The notes promise a contingent coupon of at least $27.50 per $1,000 per quarter (equivalent to a Contingent Interest Rate of at least 11.00% per annum) when the Index meets the 50.00% Interest Barrier on Review Dates, and include an automatic call feature beginning on April 30, 2027. However, the Index carries a 6.0% per annum daily deduction, which is deducted regardless of exposure and will materially depress index levels and the probability of interest and positive maturity payoffs.
Key dependency: index realized/implied volatility and the cumulative effect of the daily deduction drive outcomes and internal pricing. Secondary‑market liquidity and issuer/guarantor credit are additional constraints on realized value.

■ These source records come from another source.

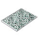 White, turquoise flowers on a black background. Small floral print.
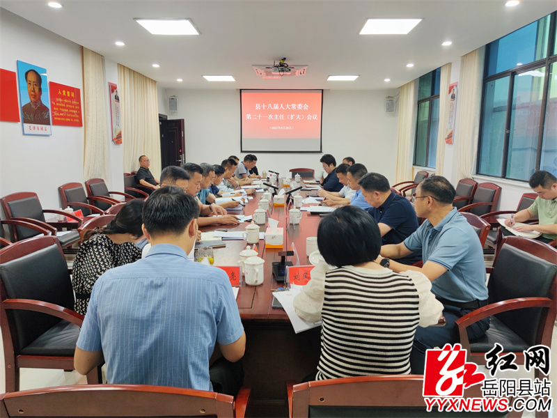 岳阳县融媒体中心8月29日讯(记者 周昱君)8月28日,县人大常委会主任、党组书记周峰主持召开县十八届人大常委会第二十一次主任(扩大)会议。县人大常委会党组副书记、副主任王卫兵,副主任彭碧芳、胡秉阳、吴承棉、任三星参加。
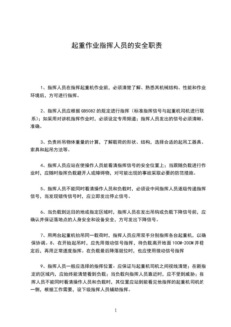 7、用两台起重机抬吊同一载荷时,指挥人员应用双手分别指挥各台起重机,以确保协调。8、在开始起吊时,应先用微动信号指挥,待负载离开地面10CM-20CM并稳定后,再用正常速度指挥。在负载最后降落就位时,也应使用微动信号指挥
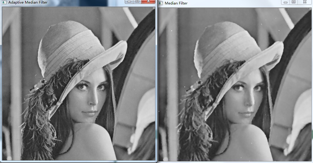 左邊是自適應(yīng)中值濾波器(最小窗口為3,最大窗口為7)的結(jié)果,右圖是常規(guī)中值濾波器(窗口大小為5)的結(jié)果??梢钥闯?,無論是中值濾波還是自適應(yīng)的中值濾波,都能過濾掉圖像中的噪聲,自適應(yīng)中值濾波器的效果要好些,常規(guī)的還有一些噪聲沒有過濾掉。而且,常規(guī)的中值濾波器對圖像造成的模糊較明顯,而自適應(yīng)中值濾波器很好的的保存了圖像中的細(xì)節(jié)。

Tax treatment is uncertain; issuer intends to treat notes as prepaid forwards with contingent coupons.
The issuer expects to treat the notes for U.S. federal income tax purposes as prepaid forward contracts with associated contingent coupons, with Contingent Interest Payments characterized as ordinary income. This position is expected to be reviewed by special tax counsel but is not binding on the IRS.
Non‑U.S. Holders may be subject to withholding; Section 871(m) analysis is discussed and the issuer expects it will not apply, but the IRS could disagree. Consult a tax adviser for individualized advice.